Copy every line of the data below exactly as given, except for the pictures.

+++ Provided data +++

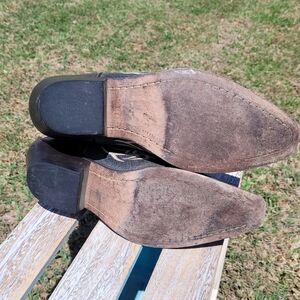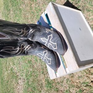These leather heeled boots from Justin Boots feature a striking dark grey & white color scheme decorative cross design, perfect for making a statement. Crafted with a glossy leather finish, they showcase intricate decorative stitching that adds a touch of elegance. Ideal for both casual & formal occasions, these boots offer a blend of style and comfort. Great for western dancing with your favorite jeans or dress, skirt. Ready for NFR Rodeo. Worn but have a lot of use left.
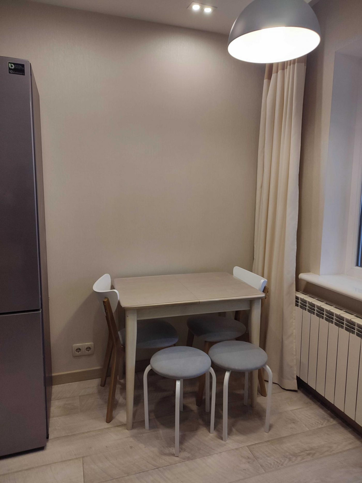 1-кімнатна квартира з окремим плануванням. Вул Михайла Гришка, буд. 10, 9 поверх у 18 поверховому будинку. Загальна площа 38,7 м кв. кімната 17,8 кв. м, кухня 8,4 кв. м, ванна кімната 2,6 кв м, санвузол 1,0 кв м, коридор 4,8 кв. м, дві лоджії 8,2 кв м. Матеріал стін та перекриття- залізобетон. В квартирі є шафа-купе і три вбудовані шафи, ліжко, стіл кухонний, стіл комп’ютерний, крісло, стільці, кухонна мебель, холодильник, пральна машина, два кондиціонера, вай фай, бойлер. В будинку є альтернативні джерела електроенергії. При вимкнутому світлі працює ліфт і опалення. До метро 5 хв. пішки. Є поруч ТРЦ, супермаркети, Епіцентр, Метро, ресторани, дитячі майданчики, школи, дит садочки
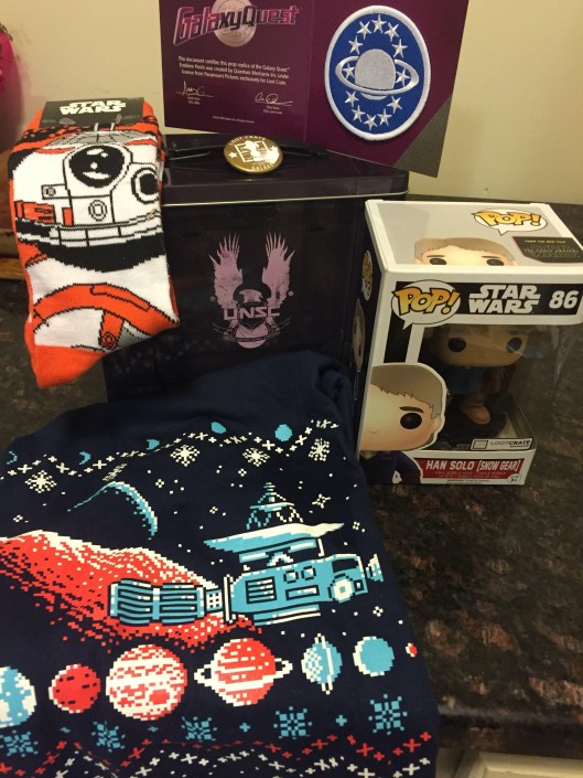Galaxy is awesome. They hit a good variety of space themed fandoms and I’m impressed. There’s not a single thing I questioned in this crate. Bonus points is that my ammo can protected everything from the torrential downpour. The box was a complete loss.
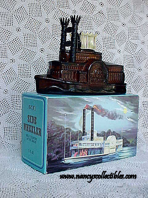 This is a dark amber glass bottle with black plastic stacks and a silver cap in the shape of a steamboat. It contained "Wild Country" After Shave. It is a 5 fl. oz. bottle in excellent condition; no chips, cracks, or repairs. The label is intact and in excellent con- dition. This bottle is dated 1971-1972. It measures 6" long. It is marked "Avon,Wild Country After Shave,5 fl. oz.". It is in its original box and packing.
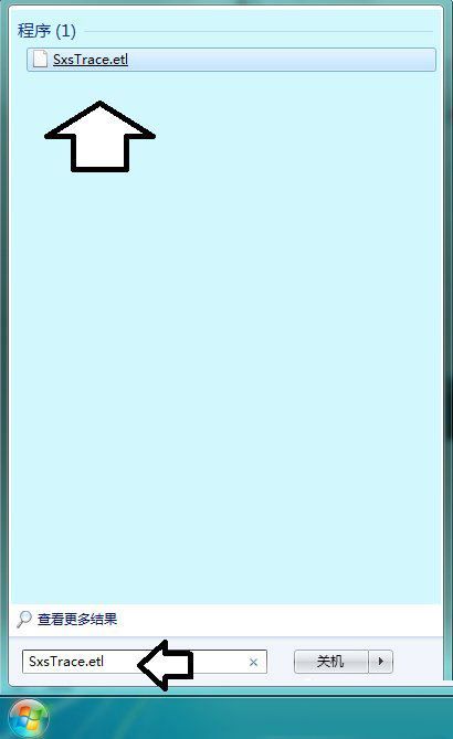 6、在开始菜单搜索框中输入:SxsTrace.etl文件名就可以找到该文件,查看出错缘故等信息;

+++

_Output below_.
These leather heeled boots from Justin Boots feature a striking dark grey & white color scheme decorative cross design, perfect for making a statement. Crafted with a glossy leather finish, they showcase intricate decorative stitching that adds a touch of elegance. Ideal for both casual & formal occasions, these boots offer a blend of style and comfort. Great for western dancing with your favorite jeans or dress, skirt. Ready for NFR Rodeo. Worn but have a lot of use left.
 1-кімнатна квартира з окремим плануванням. Вул Михайла Гришка, буд. 10, 9 поверх у 18 поверховому будинку. Загальна площа 38,7 м кв. кімната 17,8 кв. м, кухня 8,4 кв. м, ванна кімната 2,6 кв м, санвузол 1,0 кв м, коридор 4,8 кв. м, дві лоджії 8,2 кв м. Матеріал стін та перекриття- залізобетон. В квартирі є шафа-купе і три вбудовані шафи, ліжко, стіл кухонний, стіл комп’ютерний, крісло, стільці, кухонна мебель, холодильник, пральна машина, два кондиціонера, вай фай, бойлер. В будинку є альтернативні джерела електроенергії. При вимкнутому світлі працює ліфт і опалення. До метро 5 хв. пішки. Є поруч ТРЦ, супермаркети, Епіцентр, Метро, ресторани, дитячі майданчики, школи, дит садочки
Galaxy is awesome. They hit a good variety of space themed fandoms and I’m impressed. There’s not a single thing I questioned in this crate. Bonus points is that my ammo can protected everything from the torrential downpour. The box was a complete loss.
 This is a dark amber glass bottle with black plastic stacks and a silver cap in the shape of a steamboat. It contained "Wild Country" After Shave. It is a 5 fl. oz. bottle in excellent condition; no chips, cracks, or repairs. The label is intact and in excellent con- dition. This bottle is dated 1971-1972. It measures 6" long. It is marked "Avon,Wild Country After Shave,5 fl. oz.". It is in its original box and packing.
 6、在开始菜单搜索框中输入:SxsTrace.etl文件名就可以找到该文件,查看出错缘故等信息;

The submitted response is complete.